PS-What is our head count so I know how much Sausage to bring?? Anyone new other than Joels Dad....Also Jockey who sat out with us in the afternoon...his daughter works for you...hope he can make it back I have several of those Killians left I need him to drink!!


----------



## Cigar Jockey (Feb 12, 2006)

That was Dale, yep he's comming also.
Any word on the Gov comming?


----------



## cigar_joel (May 16, 2006)

Cigar Jockey said:


> That was Dale, yep he's comming also.
> Any word on the Gov comming?


As of now, the GOV is coming. He is coming over to my place sat night so we can get his new humi ste up and he is going to sign up here at CS.


----------



## pistol (Mar 23, 2006)

fellas, enjoy yourselves, wish I could be there. Unfortunately, I was out until 4 AM after the last herf and she's decided that I'm going to have to take some time off of "keeping it real" for a while!:bn It's all good though, I'll make sure I run into yall again sometime soon, smoke some good ones and tip a few back for me!
-Pete


----------



## cigar_joel (May 16, 2006)

pistol said:


> fellas, enjoy yourselves, wish I could be there. Unfortunately, I was out until 4 AM after the last herf and she's decided that I'm going to have to take some time off of "keeping it real" for a while!:bn It's all good though, I'll make sure I run into yall again sometime soon, smoke some good ones and tip a few back for me!
> -Pete


Not a problem. Hope you can make the next one.


----------



## cigar_joel (May 16, 2006)

Jockey, will you let Dale know about the long ash contest. Also as far as the reds go, I am bringing the Fonseca bin 27 and my dad is bringing a Cabernet Sauvignon. We are also bringing brats and buns. Really looking forward to it.


----------



## Cigar Jockey (Feb 12, 2006)

Sounds Great Joel...Looking forward to it, will let dale know.


----------



## Badkarma (May 26, 2006)

Since I am not much of a wineo, lets hope that I'm not on call so I can at least have a beer with my brat.


----------



## drrgill (Jan 1, 2000)

Yummy... I will be bringing a Red... and Italian Sausage with Peppers and Onions with Buns..

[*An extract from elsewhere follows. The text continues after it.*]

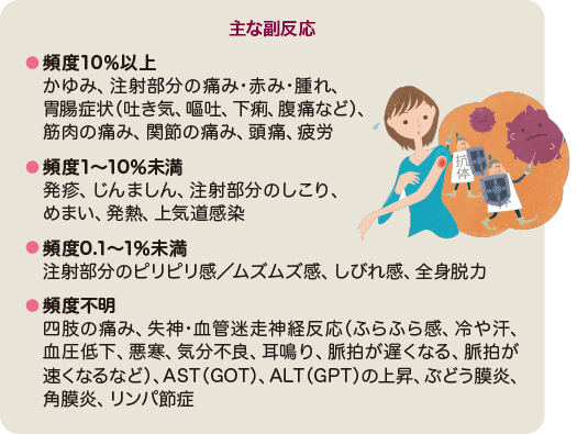 なお重い副反応として、まれにショックまたはアナフィラキシー様症状を含むアレルギー反応、血管浮腫が認められることがあります。また急性散在性脳脊髄炎(ADEM)やギラン・バレー症候群があらわれることがあります。詳しくは医師にご確認ください。

Karma...we got you going on Pipes... Wine is next....

Drrgill


----------



## Cigar Jockey (Feb 12, 2006)

The Doc's a Baaad Man


----------



## Badkarma (May 26, 2006)

drrgill said:


> Yummy... I will be bringing a Red... and Italian Sausage with Peppers and Onions with Buns..
> 
> Karma...we got you going on Pipes... Wine is next....
> 
> Drrgill


Oh no, the wine thing aint happenin, I was ruined on wine long ago. After you have a glass of Chateau LaFite Rothschilds, nothing can ever compete.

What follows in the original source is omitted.